16 points by armenarmen on Jan 21, 2021 | hide | past | favorite | 7 comments
- What was your job in the city, and what is your job now? Any positive or negative impact professionally?

- What was you last living situation in the city like?

- What is your new place like?

- How long ago did you move?

- Why did you opt to move?

- What do you like most about life in the country compared to life in the city?

- What was hard about about adjusting to rural life?

- How did you pick your location/property?

- What would you tell others looking to relocate from HCOL cities to the country?

if you'd prefer not post publicly, I've got a google form here: https://forms.gle/1oivSS3jBUTXguMq9




Same job. I did once a week in the office but now remote only.

Lived in a row house (full house to ourselves) on a downtown city block.

large ranch on a big property

about 10 years ago

moved to send kids to school of choice

naked hot tubbing (aka privacy), quiet and nature

everyone knows everyone and is related to everyone (but us).

chose the location for proximity to school for our kids. chose the property because it had the facilities/buildings we wanted

WARNING:

Small town politics is "a thing". If you can accept that the guy who runs the local diner is the brother of the mayor and she is also sisters with the head of the school board and married to the public works guy and cousin to the zoning guy and they all are children of the editor of the local paper and you can accept that this one extended family will control all aspects of governance, then you will be fine.

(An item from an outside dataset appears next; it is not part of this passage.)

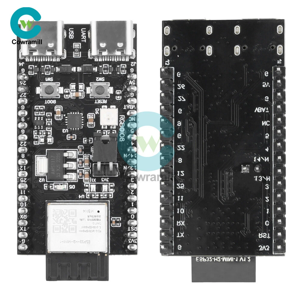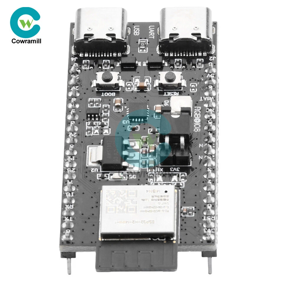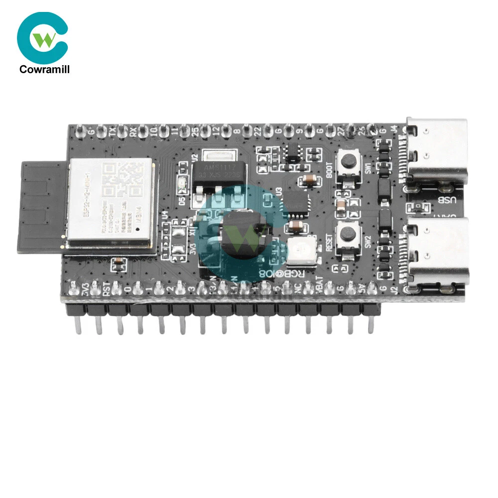 Details Features 1.ESP32-H2-DevKitM-1 is an entry-level development board, equipped with low-power Bluetooth R and IEEE 802.15.4 dual-mode module ESP32-H2-MINI-1. 2. Most of the pins of the module on the board have been pinned out to the two sides of the development board, developers can easily connect a variety of peripheral devices through the jumper according to the actual needs of the developer, and can also be used to plug the board into the breadboard. 3.ESP32-H2-MIN1-1 equipped with ESP32-H2 chip, supports a variety of protocols, suitable for a variety of low-power IoT application scenarios. 4. With power indicator, when the board is connected to the USB power supply, the indicator will light up. 5. Support three power supply modes, more convenient to use. Specification ESP32-H2-MINI-1: ESP32-H2-MIN1-1 equipped with ESP32-H2 chip, integrated 2.4 GHz receiver compatible with low-power Bluetooth and IEEE 802.15.4 technology, support Bluetooth 5 (LE), Bluetooth mesh, Zigbee, Thread and Matter and other The protocols are suitable for a wide range of low-power IoT applications. Pinout: All available GPIO pins (except SPI bus of fash) have been pinned out to the pinout of the development board. 3.3V Power Indicator: This indicator lights up when the development board is connected to USB power. 5V to 3.3V LDO: Power converter with 5V input and 3.3V output. USB to UART Bridge: Single chip USB to UART bridge that provides up to 3Mbps transfer rate. ESP32-H2 USB Type-C Interface: USB Type-C interface for the ESP32-H2 chip, supports USB 2.0 full-speed mode with a data transfer rate of up to 12Mbps (note that this interface does not support 480 Mbps high-speed transfer mode). Boot key: Download key, press the Reset key while holding down the Boot key to enter the "Firmware Download" mode and download the firmware through the serial port. Reset key: Reset key. USB Type-C to UART Interface: Can be used as the power supply interface of the development board, and also can be used as the communication interface to communicate with the ESP32-H2 chip through the on-board USB to UART bridge. RGB LED: Addressable RGB light-emitting diode, driven by GPIO8. J5: Used to measure current, see chapter, Measuring Current, for details. You can choose any one of the following three power supply methods to power the development board. 1. USB Type-C to UART interface power supply (default) 2.5V and G (GND) pin power supply 3.3V3 and G (GND) pin power supply List 1 x Development Board Shipping Payment Return Policy Shipping 1.We only ship to the confirmed address provided by eBay. please make sure your ebay address is 100% matches the address you would like us to ship to. If not, please let us know before we sent you the package, or we will not be responsible for any loss. hope you could understand. 2.Orders will be processed instantly and dispatched within 1-2 business days except hoilday, so we do NOT accept any email/message note after you place orders. 3.All package need to wait 30 days, Please take care it.Less than 30 days,we can't take a refund . Payment 1.We accept PayPal payment ONLY, and must be received within 5 days from the date of purchase. 2. It is easy and safe for you to pay by credit cards, debit cards, bank transfers and PayPal account balances. 3.Buyers are responsible for import duties,custom fees and taxes, if any, please check your country. Return Policy 1.We believe our items are so outstanding. We are convinced you will be happy with your Purchase. 2. If you do not satisfy with our items. Please simply return to us within 30 Days in original condition. Just pay for the returned postage. Then we can issue full refund or resend the item to you after the returned item arrived at our warehouse. 3. Please include your eBay ID and item number with any email requests. Store Categories Store Categories Industrial Electronics Computers/Tablets & Networking Home & Garden Phones & Accessories Other

It was kind of a rude shock to us and a PITA to fix things after my wife had a fight with the zoning guy before realizing the network ramifications. If you have asperations for your kids, make sure they align with the social reality of community. We have a community of friends where it is expected that the kids will go to college but the "town over" from us had one kid in the entire graduating class who went on to higher ed.

BAD:

It cost us 20k to run cable to our ranch. Restaurants are sparse (if there actually are any at all) and will likely close by 8pm or sooner (9pm if it has a bar). In the city we rarely ate out before 9pm. Our kids complain about how far it is to get to an actual friend's house. Be prepared to do a lot of driving. Forget about uber, grubhub and whatnot. The gig economy is that one guy who bartends at the burger joint and the bowling ally.

GOOD:

We were able to purchased our ranch outright from the proceeds of the sale of our city house that we had only managed to payoff 50%. When we lived in the city, we did not know even the person who lived next door to us. Now I know basically know everyone for miles around and they know us. You can't swing a stick without hitting a trail head, fishing hole, park, or sports field. People might be slow to accept you but once they do you will feel like family. I coach several competitive youth sports programs and people call me "coach" when I am in town. All my kids have great friends. My home office looks out over our ranch from a high point and we are surrounded by state protected land on 3 sides.


Could you share more about the cable situation?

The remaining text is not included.